Ukraine hopes to resume grain exports this week

Ukraine said on Monday it expects to resume grain exports “as of this week”, for the first time since the start of the war, after the signing of an agreement with Moscow and despite the bombardment on Saturday by the army Russian from the great port of Odessa, vital for this trade.

“We expect the agreement to start working in the next few days and we expect a coordination center to be set up in Istanbul in the next few days. We are preparing everything to start this week,” Ukrainian Infrastructure Minister Oleksandr Kubrakov told reporters.

According to him, the main obstacle to the resumption of exports is the risk of Russian bombing, as illustrated by the strike that targeted the port of Odessa on the Black Sea on Saturday.

Russia on Monday defended its strikes on Odessa, saying they targeted military targets and did not hinder the resumption of Ukrainian grain exports. Moscow has claimed to have destroyed in this port in southern Ukraine a warship as well as missiles supplied by the United States.

The bombardments on Odessa “target only the military infrastructure. It is not at all related to the infrastructure used for the implementation of the agreement on grain exports,” Kremlin spokesman Dmitry Peskov said.
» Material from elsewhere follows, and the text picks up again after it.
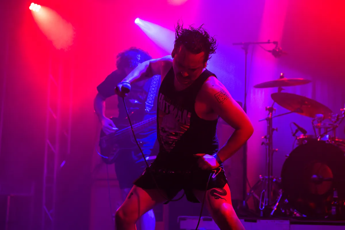 RVG, vandaag in een iets andere samenstelling dan gewoonlijk, verliest geen tijd en knalt de set in met 'Midnight Sun'. Een sterke opener. Zangeres Romy Vager, gehuld in een zebraprintjurk, is vanaf het begin vol overgave, al is haar stem niet altijd even stabiel. Ze kraakt, vliegt af en toe uit de bocht en kijkt dan verontschuldigend naar de rest van de band, maar ze gaat er ten volste voor. Het zweet druipt al na enkele nummers van haar gezicht en uit haar haar. Naarmate de set vordert lijkt ze haar draai te vinden, of wennen we er gewoon aan? Bassiste Isabele Wallace valt op door haar jeugdige uitstraling en sluik blond haar dat haar gezicht verbergt. Ze staat gedurende het grootste deel van de set doodstil, op één voet na, die voorzichtig op en neer wipt. 'A Quality of Evil' en 'That's All' springen eruit. Romy schreeuwt de laatste noten van 'That's All' vanuit haar tenen. Het klinkt erg ruw, maar het werkt en het levert haar een welverdiend applaus op. Het mooie 'Nothing Really Changes' wordt met groot enthousiasme ontvangen, alvorens de band afsluit met 'Vincent van Gogh'. RVG is misschien niet perfect, maar hun passie en rauwe energie zijn onmiskenbaar. (NG)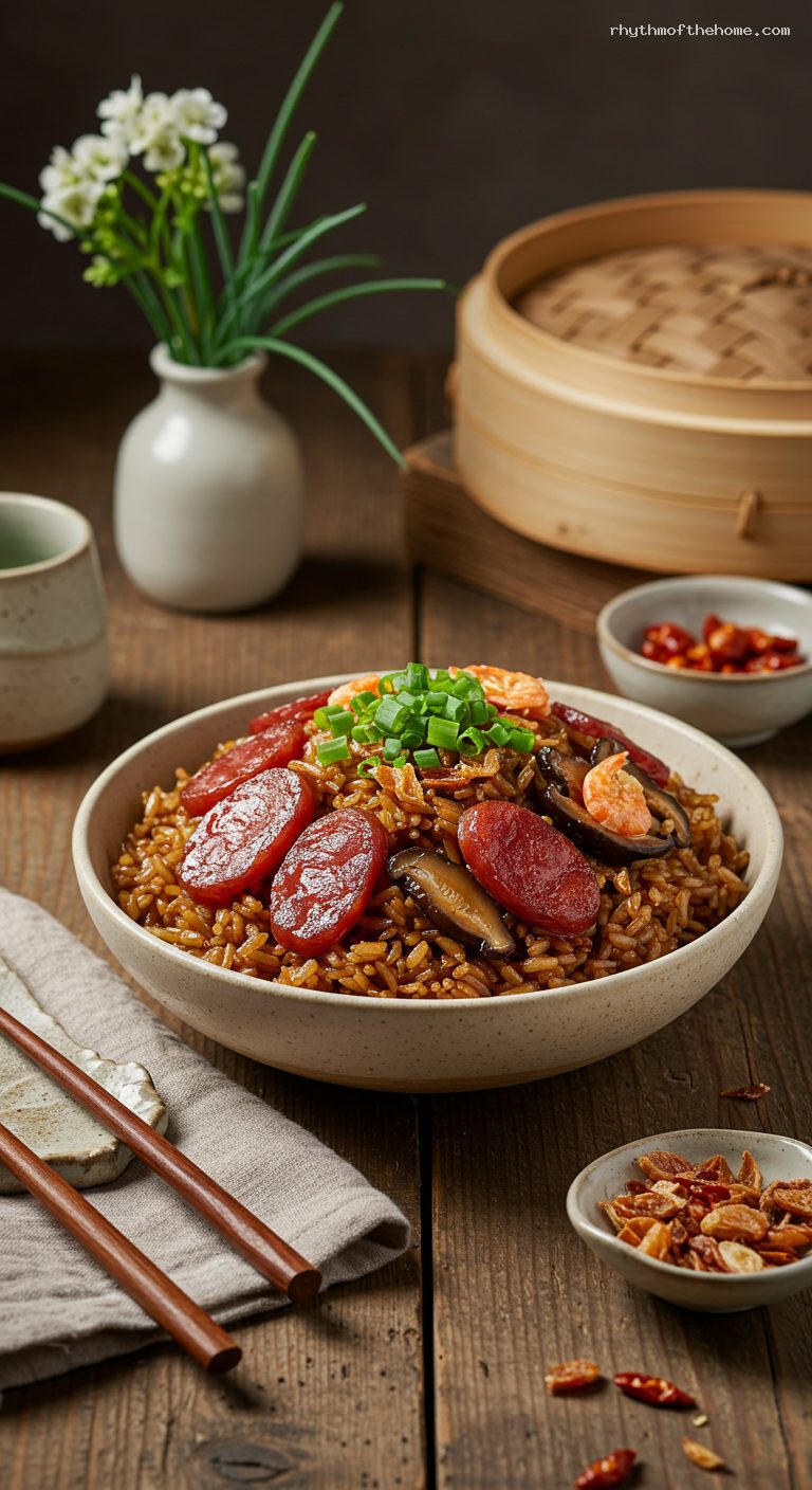 • Pantry: Glutinous (sticky) rice, dried shiitake mushrooms, dried shrimp, Chinese sausages (lap cheong), light soy sauce, dark soy sauce, oyster sauce, Shaoxing wine, white pepper, toasted sesame oil, neutral oil, sugar, optional fried shallots or chili crisp

“That’s why it can’t and shouldn’t interfere with the start of the loading process,” he added.

Guarantee security

Oleksandre Kubrakov for his part called on the guarantors of the agreement, Turkey and the UN, to guarantee the safety of the Ukrainian convoys. “If the parties do not guarantee security, it will not work,” he warned.

Deputy Infrastructure Minister Yuri Vaskov said the port of Chornomorsk (southwest) would be the first to operate for exports, followed by that of Odessa, then that of Pivdenny (southwest) .

The agreement signed Friday in Istanbul between Moscow and kyiv, under the aegis of the UN, provides for “secure corridors” for the circulation in the Black Sea of ​​merchant ships.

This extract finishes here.